* Exercise data
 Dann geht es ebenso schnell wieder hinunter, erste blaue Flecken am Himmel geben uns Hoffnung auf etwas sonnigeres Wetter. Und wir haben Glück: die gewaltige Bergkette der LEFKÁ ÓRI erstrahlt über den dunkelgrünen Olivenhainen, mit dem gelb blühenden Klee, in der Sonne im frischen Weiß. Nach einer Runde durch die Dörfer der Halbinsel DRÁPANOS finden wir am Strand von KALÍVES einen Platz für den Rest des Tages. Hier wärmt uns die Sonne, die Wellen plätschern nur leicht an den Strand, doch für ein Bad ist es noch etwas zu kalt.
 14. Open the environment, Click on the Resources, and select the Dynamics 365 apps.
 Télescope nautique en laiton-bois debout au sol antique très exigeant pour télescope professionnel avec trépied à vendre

--

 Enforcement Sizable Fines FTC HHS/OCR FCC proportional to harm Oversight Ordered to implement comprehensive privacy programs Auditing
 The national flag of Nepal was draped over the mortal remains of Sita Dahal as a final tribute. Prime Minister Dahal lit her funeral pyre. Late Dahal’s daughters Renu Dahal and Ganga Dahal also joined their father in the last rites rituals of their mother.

* Work request
From the records above, copy only the lines starting with the line that holds "Dann geht es" and going on through the line that holds "Télescope nautique en", exactly as written.

* Exercise response
 Dann geht es ebenso schnell wieder hinunter, erste blaue Flecken am Himmel geben uns Hoffnung auf etwas sonnigeres Wetter. Und wir haben Glück: die gewaltige Bergkette der LEFKÁ ÓRI erstrahlt über den dunkelgrünen Olivenhainen, mit dem gelb blühenden Klee, in der Sonne im frischen Weiß. Nach einer Runde durch die Dörfer der Halbinsel DRÁPANOS finden wir am Strand von KALÍVES einen Platz für den Rest des Tages. Hier wärmt uns die Sonne, die Wellen plätschern nur leicht an den Strand, doch für ein Bad ist es noch etwas zu kalt.
 14. Open the environment, Click on the Resources, and select the Dynamics 365 apps.
 Télescope nautique en laiton-bois debout au sol antique très exigeant pour télescope professionnel avec trépied à vendre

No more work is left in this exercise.